Understanding prototypal inheritance in JavaScript

Understanding prototypal inheritance in JavaScript

I am new to JavaScript OOP. Can you please explain the difference between the following blocks of code? I tested and both blocks work. What’s the best practice and why?
First block:

function Car(name){
this.Name = name;
}

Car.prototype.Drive = function(){
console.log(“My name is ” + this.Name + ” and I’m driving.”);
}

SuperCar.prototype = new Car();
SuperCar.prototype.constructor = SuperCar;

function SuperCar(name){
Car.call(this, name);
}

SuperCar.prototype.Fly = function(){
console.log(“My name is ” + this.Name + ” and I’m flying!”);
}

var myCar = new Car(“Car”);
myCar.Drive();

var mySuperCar = new SuperCar(“SuperCar”);
mySuperCar.Drive();
mySuperCar.Fly();

Second block:

function Car(name){
this.Name = name;
this.Drive = function(){
console.log(“My name is ” + this.Name + ” and I’m driving.”);
}
}

SuperCar.prototype = new Car();

function SuperCar(name){
Car.call(this, name);
this.Fly = function(){
console.log(“My name is ” + this.Name + ” and I’m flying!”);
}
}

var myCar = new Car(“Car”);
myCar.Drive();

var mySuperCar = new SuperCar(“SuperCar”);
mySuperCar.Drive();
mySuperCar.Fly();

Why did the author add the Drive and Fly methods using prototype, and did not declare them as a this.Drive method inside the Car class and as this.Fly in the SuperCar class?
Why does SuperCar.prototype.constructor need to be set back to SuperCar? Is the constructor property overridden when prototype is set? I commented out this line and nothing changed.
Why call Car.call(this, name); in the SuperCar constructor? Won’t properties and methods of Car be ‘inherited’ when I do
var myCar = new Car(“Car”);

Solutions/Answers:

Solution 1:

The two blocks differ in a way that in the first example Drive() will only exist once while at the second approach Drive() will exist per instance (Every time you do new Car() the function drive() will be created again). Or different said the first uses the prototype to store the function and the second the constructor. The lookup for functions is constructor and then prototype. So for your lookup of Drive() it finds it regardless if it is in the constructor or in the prototype. Using the prototype is more efficient because usually you need a function only once per type.

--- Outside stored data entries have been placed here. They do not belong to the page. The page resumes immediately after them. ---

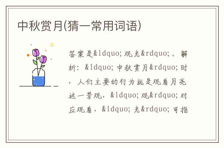 解析:“中秋赏月”时,人们主要的行为就是观看月亮这一景观,“观”对应观看,“光”可指代月光,所以扣“观光”这个常用词语 。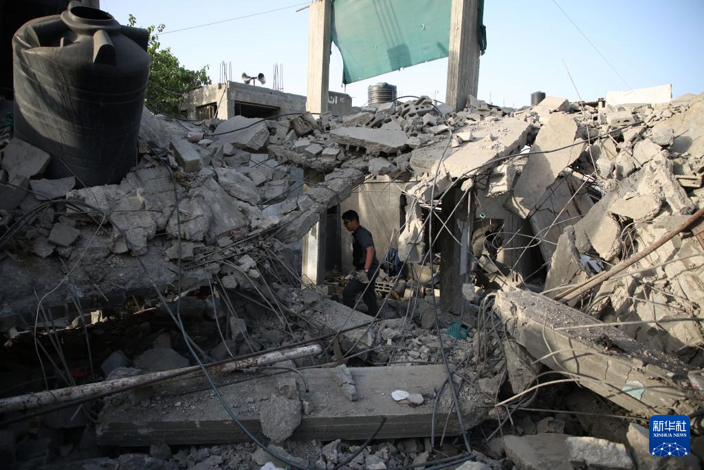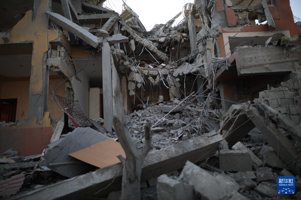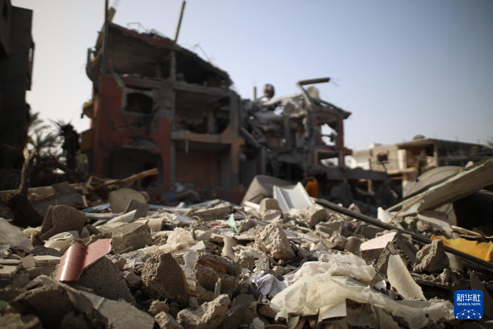 这是4月24日在加沙地带南部城市拉法拍摄的遭袭后的建筑物废墟。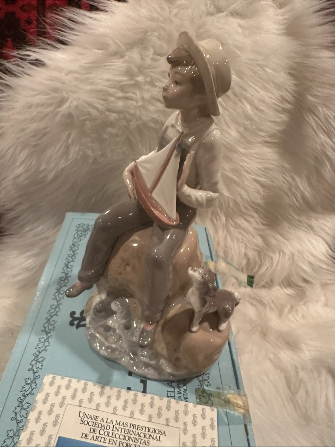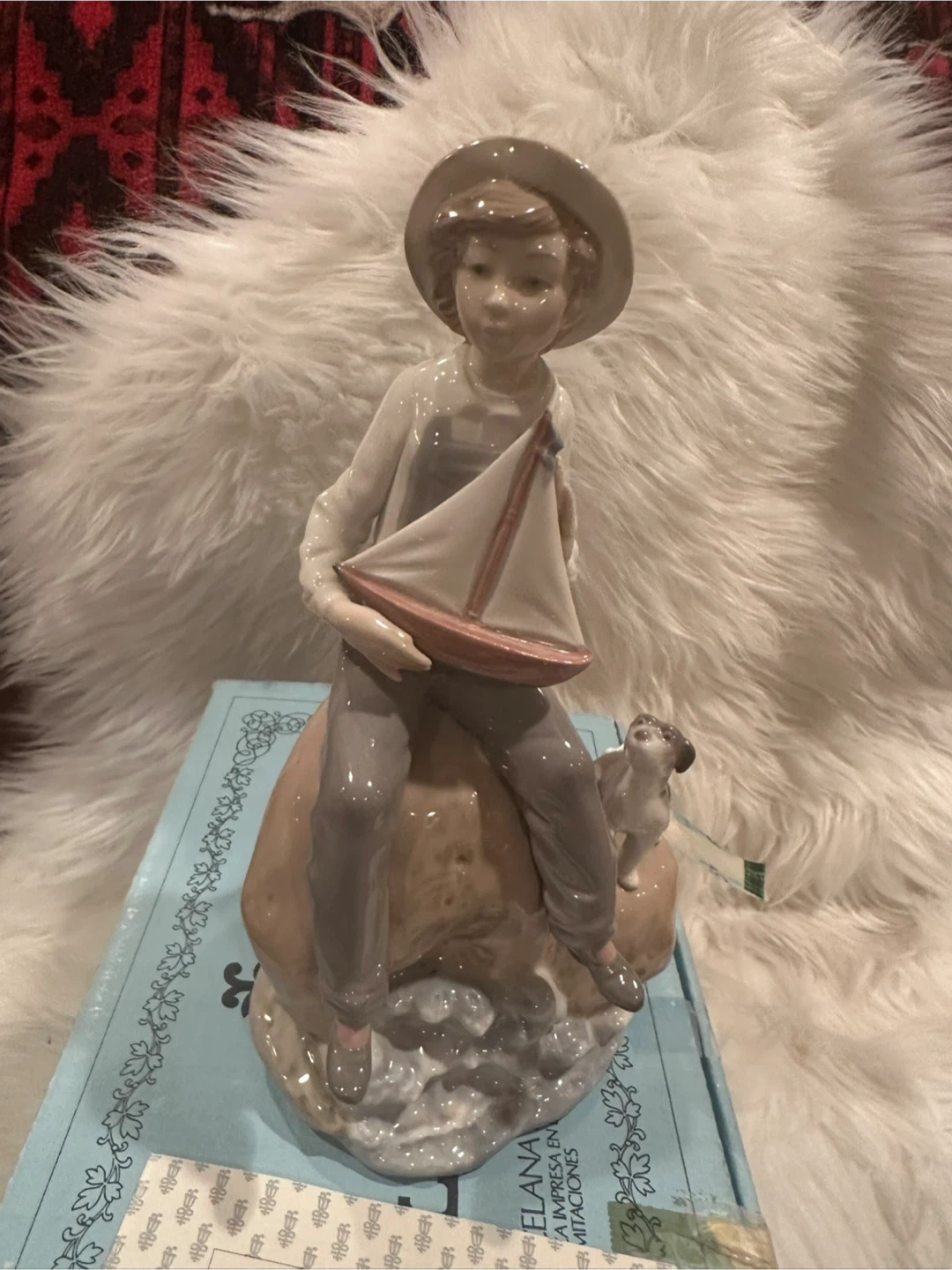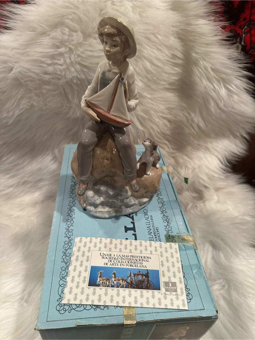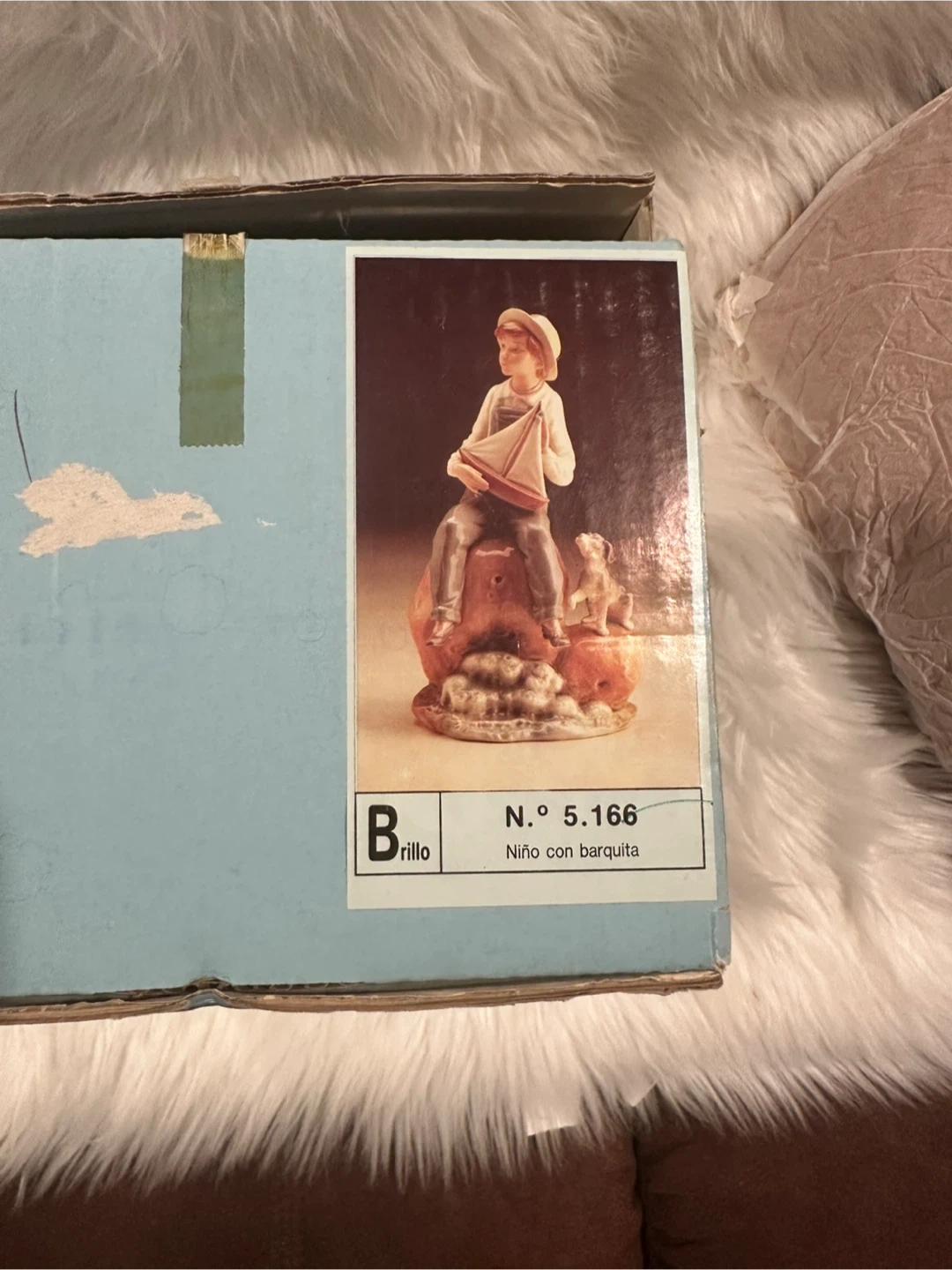 Selling a Lladro figurine called "Niño con Barquita", which translates to "Boy with sailboat". The figurine is in good condition and comes with its original box. The model number is 5.166. It's a beautiful piece for any collector!

The new call in javascript automatically sets the constructor in the prototype. If you are overwriting the prototype so you have to set the constructor manually.

Inheritance in javascript has nothing like super. So if you have a subclass the only chance to call the super constructor is by its name.

Solution 2:

To add to Norbert Hartl’s answer, SuperCar.prototype.constructor isn’t needed, but some people use it as a convenient way of getting the constructing function of an object (SuperCar objects in this case).

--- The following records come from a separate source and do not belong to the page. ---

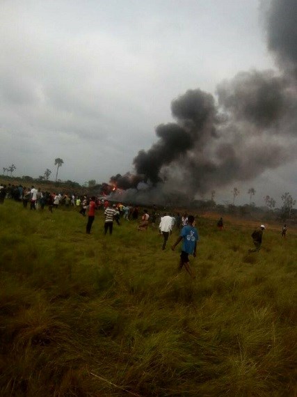 Опубликованы первые фото с места падения военного грузового самолета в столице Конго Киншасе, в результате которого могли погибнуть трое украинцев. Снимки размещены странице Air Disasters в Twitter.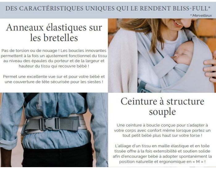 L'innovation du Porte-bébé hybride Boba Bliss Gris : Une combinaison parfaite d'un porte-bébé physiologique et d'une écharpe extensible.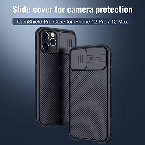 Nillkin for iPhone 12 Pro Max Case with Camera Cover, Lens Protection, CamShield Pro Shockproof Protective Bumper Hard PC Back and Soft Silicone Edge for iPhone 12 Pro Max 6.7 inch Black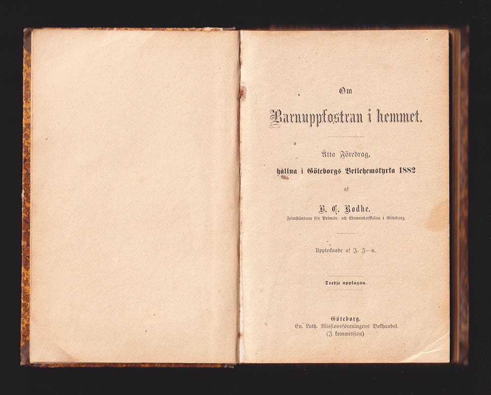 Om barnuppfostran i hemmet. Åtta föredrag hållna i Göteborgs Betlehemskyrka 1882 af B. C. Rodhe är en insiktsfull samling av föredrag som adresserar barnuppfostran ur ett psykologiskt och etiskt perspektiv. Boken, upptecknad av J. J-n och utgiven av Ev. Luth. Missionsföreningens Bokhandel 1884, erbjuder en djupgående analys av hur föräldrar kan forma sina barns karaktär och värderingar. Med sina 216 sidor och en helsidesplansch är detta verk en viktig del av den svenska litteraturen om barnpsykologi och uppfostran.
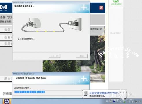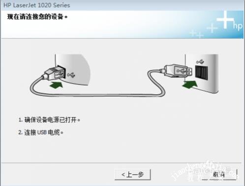 安装程序运行到一定阶段,会弹出连接设备的提示窗口,这时打开惠普 LaserJet 1020 打印机背后的电源开关。
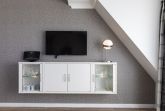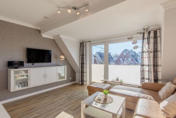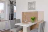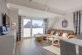 Die Ferienwohnung 6 (46 qm) liegt im 1. Obergeschoss und verfügt über einen Balkon in West-Lage. Es gibt leider keinen Aufzug im Haus.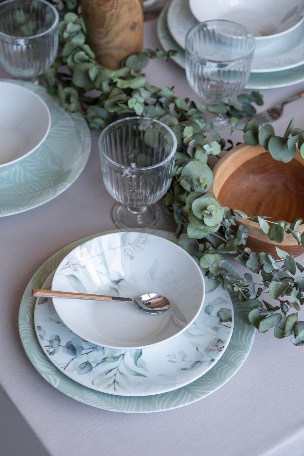 Juego de vajilla de 24 piezas, blanco/verde, porcelana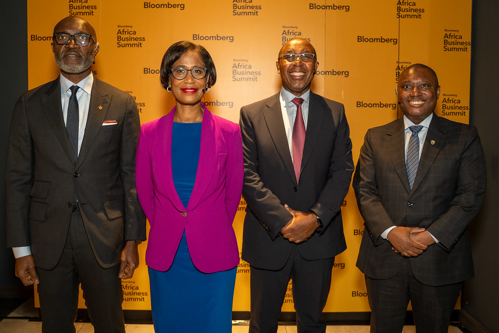 L-R: Roosevelt Ogbonna, managing Director/CEO Access Bank Plc; Jacqueline Simmons, senior executive editor, EMEA, Bloomberg; Kenny Fihla, Group CEO of Absa Group; and Sim Tshabalala, Group CEO, Standard Chartered at the Bloomberg Africa Business Summit held in Johannesburg recently.

Just from the first example, Car.call(this, name) is in the SuperCar constructor function because when you do this:

var mySuperCar = new SuperCar("SuperCar");

This is what JavaScript does:

  1. A fresh, blank object is instantiated.
  2. The fresh object’s internal prototype is set to Car.
  3. The SuperCar constructor function runs.
  4. The finished object is returned and set in mySuperCar.

Notice how JavaScript didn’t call Car for you. Prototypes being as they are, any property or method that you don’t set yourself for SuperCar will be looked up in Car. Sometimes this is good, e.g. SuperCar doesn’t have a Drive method, but it can share Car’s one, so all SuperCars will use the same Drive method. Other times you don’t want sharing, like each SuperCar having it’s own Name. So how does one go about setting each SuperCar’s name to it’s own thing? You could set this.Name inside the SuperCar constructor function:

function SuperCar(name){
    this.Name = name;
}

This works, but wait a second. Didn’t we do exactly the same thing in the Car constructor? Don’t want to repeat ourselves. Since Car sets the name already, let’s just call it.

function SuperCar(name){
    this = Car(name);
}

Whoops, you never want to change the special this object reference. Remember the 4 steps? Hang onto that object that JavaScript gave you, because it’s the only way to keep the precious internal prototype link between your SuperCar object and Car. So how do we set Name, without repeating ourselves and without throwing away our fresh SuperCar object JavaScript spent so much special effort to prepare for us?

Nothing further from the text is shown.